• Task: Leave out the pictures, and reproduce exactly the lines from the line containing "3月27日晚,学校招生就业处" through the final line of the entries.

• Source data:
---+---

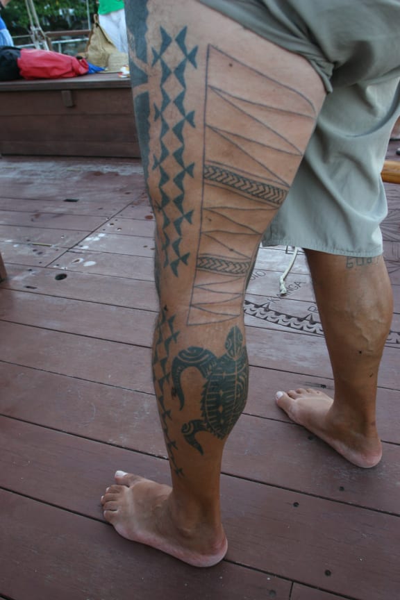 Thomas Tarurongo Wynne shows his tatau on a vaka voyage just a couple of hours after he has had the outline on his left leg completed. RNZ/Daniela Maoate-Cox
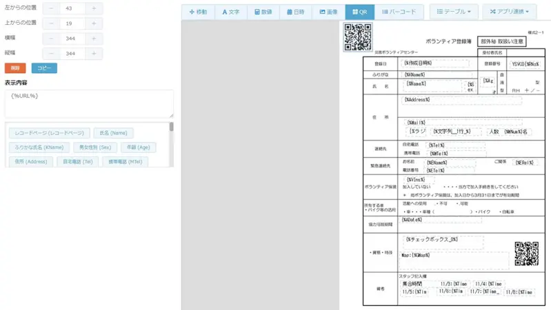 また、kintone内のフィールドに登録されている情報を使って、QR・バーコードを生成でき、帳票や資料などに二次利用することも可能です。
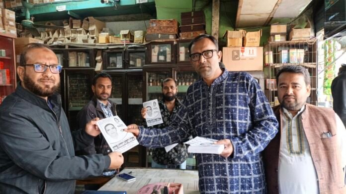 ত্রয়োদশ জাতীয় সংসদ নির্বাচন২০২৬ উপলক্ষে যশোর-৩ (সদর) সংসদীয় আসনে জাতীয় গণতান্ত্রিক পার্টি (জাগপা) মনোনীত সংসদ সদস্য পদপ্রার্থী মো.নিজামদ্দিন অমিত চশমা প্রতীকের পক্ষে নির্বাচনী হ্যান্ডবিল বিতরণ করেছেন।
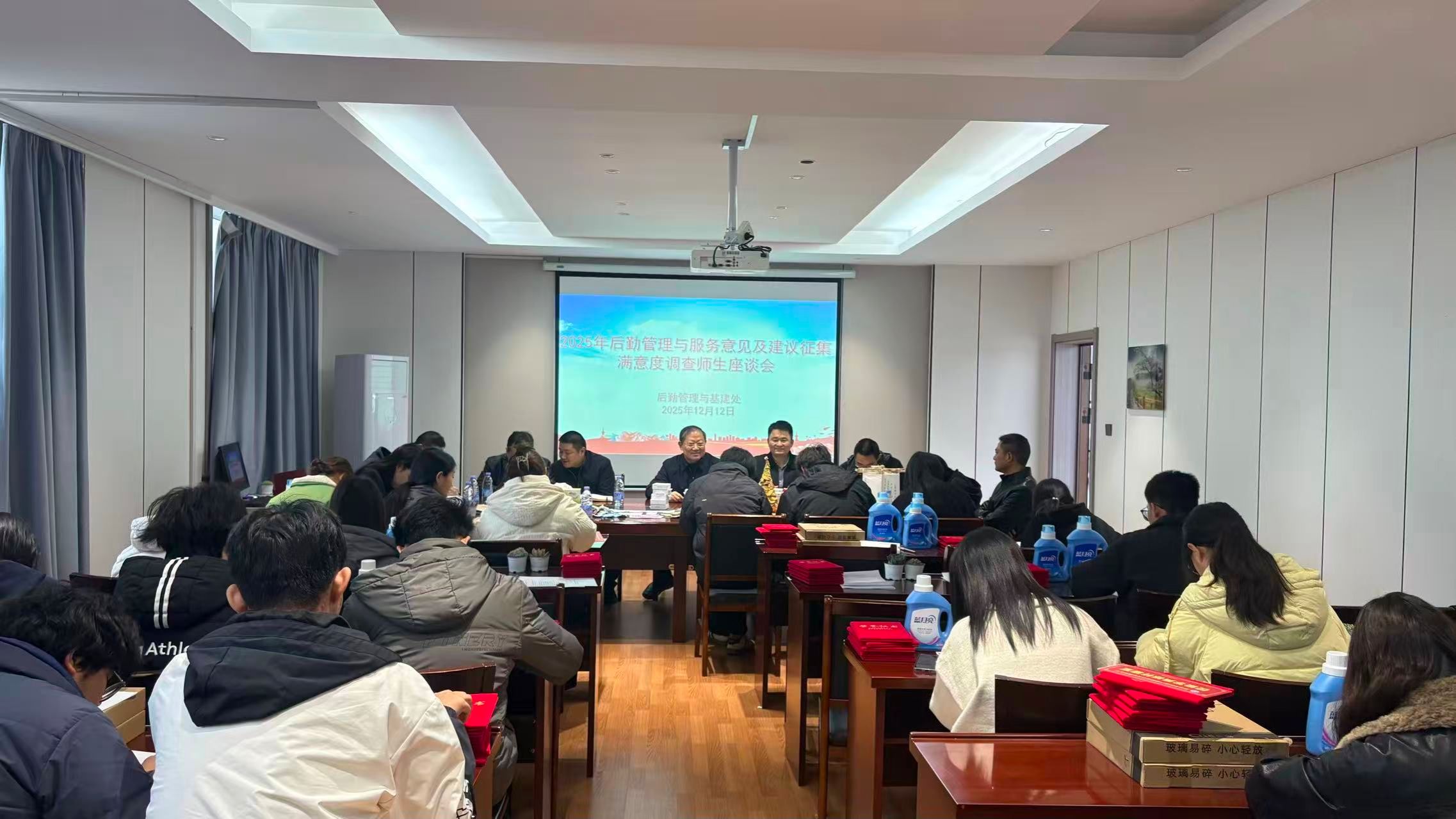 2025年12月12日下午,后勤管理与基建处在处会议室组织召开了2025年后勤管理与服务工作师生座谈会,旨在征集意见建议、开展满意度测评。各二级学院师生代表近40人参加会议。座谈会由后勤管理与基建处处长张甫彬主持。
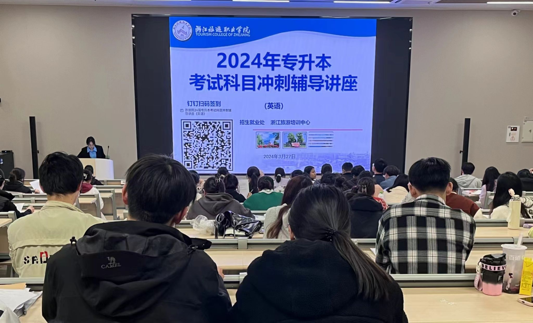 3月27日晚,学校招生就业处联合浙江旅游培训中心在明志楼开展2024届毕业生专升本考试科目冲刺辅导讲座,助力我校准考生们“拉满”冲刺速度,近200人次学生参加。
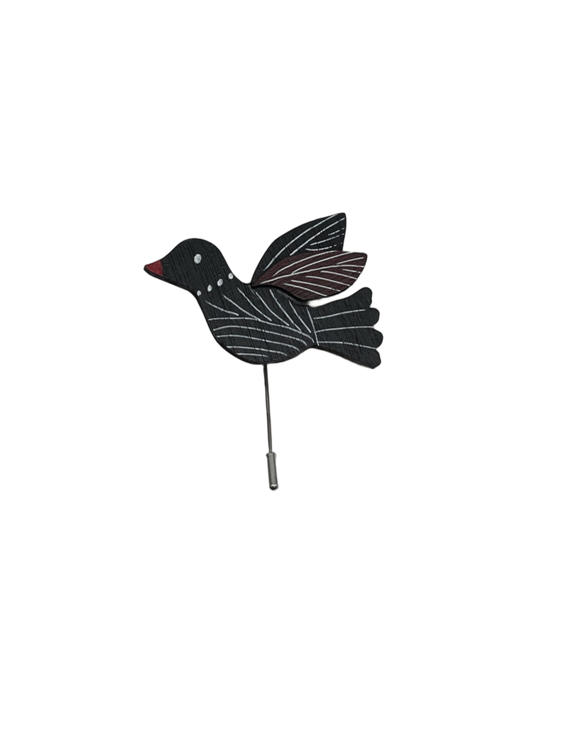 Ξύλινη καρφίτσα σε σχήμα πουλιού, με χειροποίητη λεπτομέρεια και μοντέρνα γεωμετρική αισθητική.
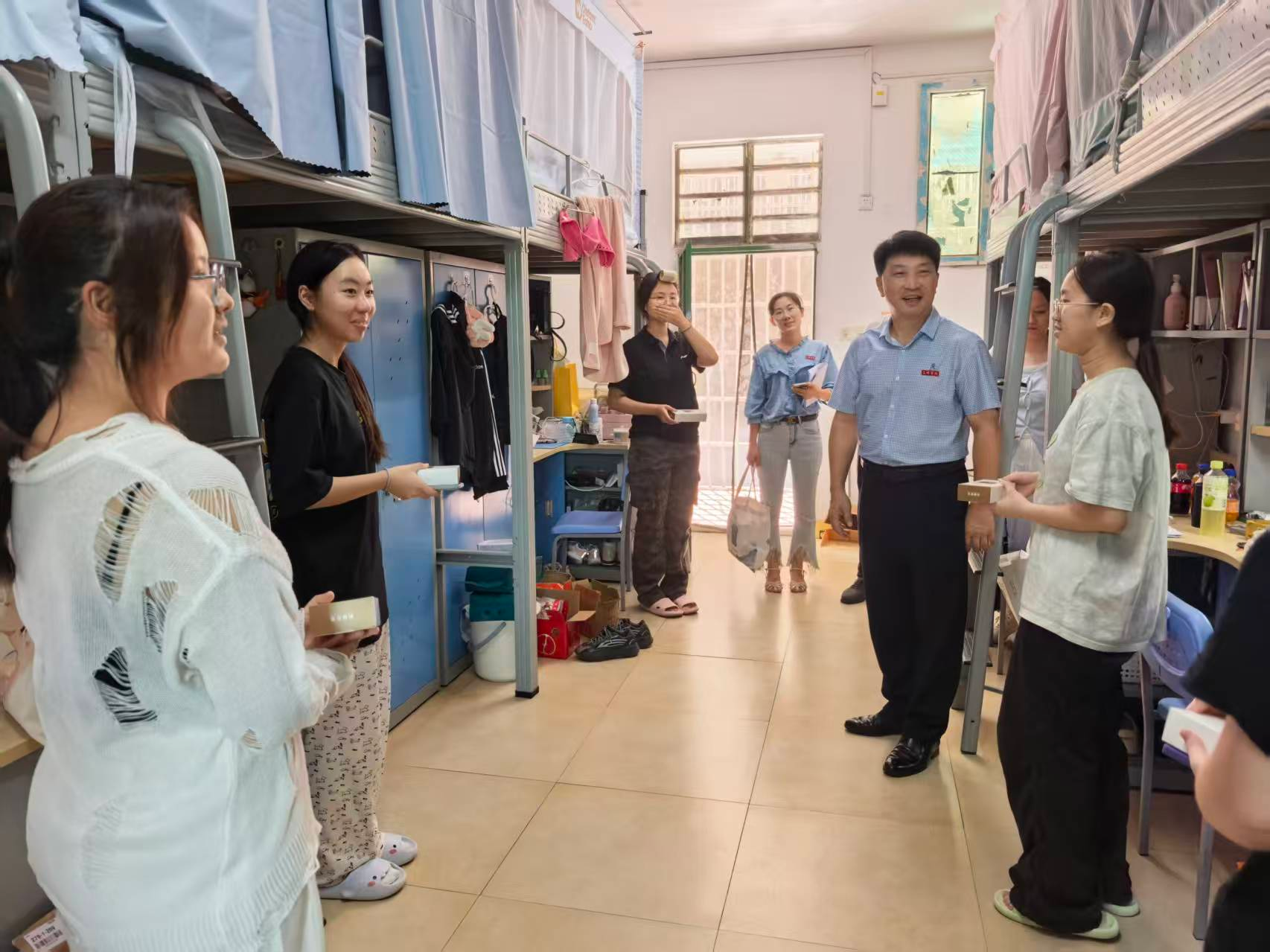 9月29日上午,在国庆、中秋双节来临之际,为深入推进“一站式”学生社区建设,教育与音乐学院党委书记伍荣生、副书记缪大旺、组织员林晨芳及辅导员陈建魁一同走进学生宿舍,开展安全检查和节日慰问,为同学们送去关怀与祝福。
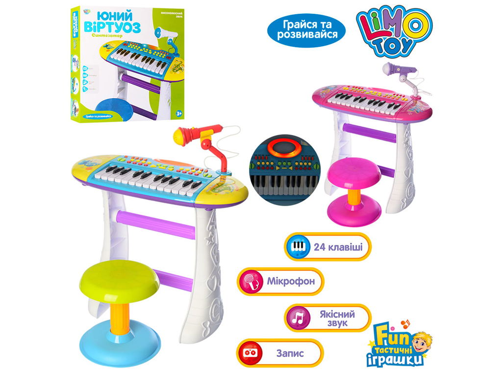Синтезатор,стільчик,мікрофон,муз.,світ.,кор-ці,49х48х11см №BB383BD(8)
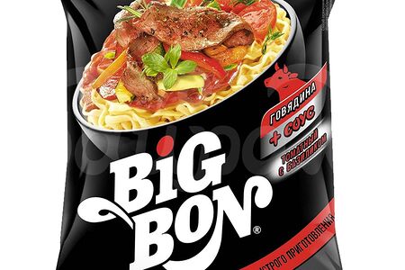 Лапша б/п Big Bon 75гр Говядина Соус томатный с базиликом пакет доставка

---+---

• Answer to this task:
 3月27日晚,学校招生就业处联合浙江旅游培训中心在明志楼开展2024届毕业生专升本考试科目冲刺辅导讲座,助力我校准考生们“拉满”冲刺速度,近200人次学生参加。
 Ξύλινη καρφίτσα σε σχήμα πουλιού, με χειροποίητη λεπτομέρεια και μοντέρνα γεωμετρική αισθητική.
 9月29日上午,在国庆、中秋双节来临之际,为深入推进“一站式”学生社区建设,教育与音乐学院党委书记伍荣生、副书记缪大旺、组织员林晨芳及辅导员陈建魁一同走进学生宿舍,开展安全检查和节日慰问,为同学们送去关怀与祝福。
Синтезатор,стільчик,мікрофон,муз.,світ.,кор-ці,49х48х11см №BB383BD(8)
 Лапша б/п Big Bon 75гр Говядина Соус томатный с базиликом пакет доставка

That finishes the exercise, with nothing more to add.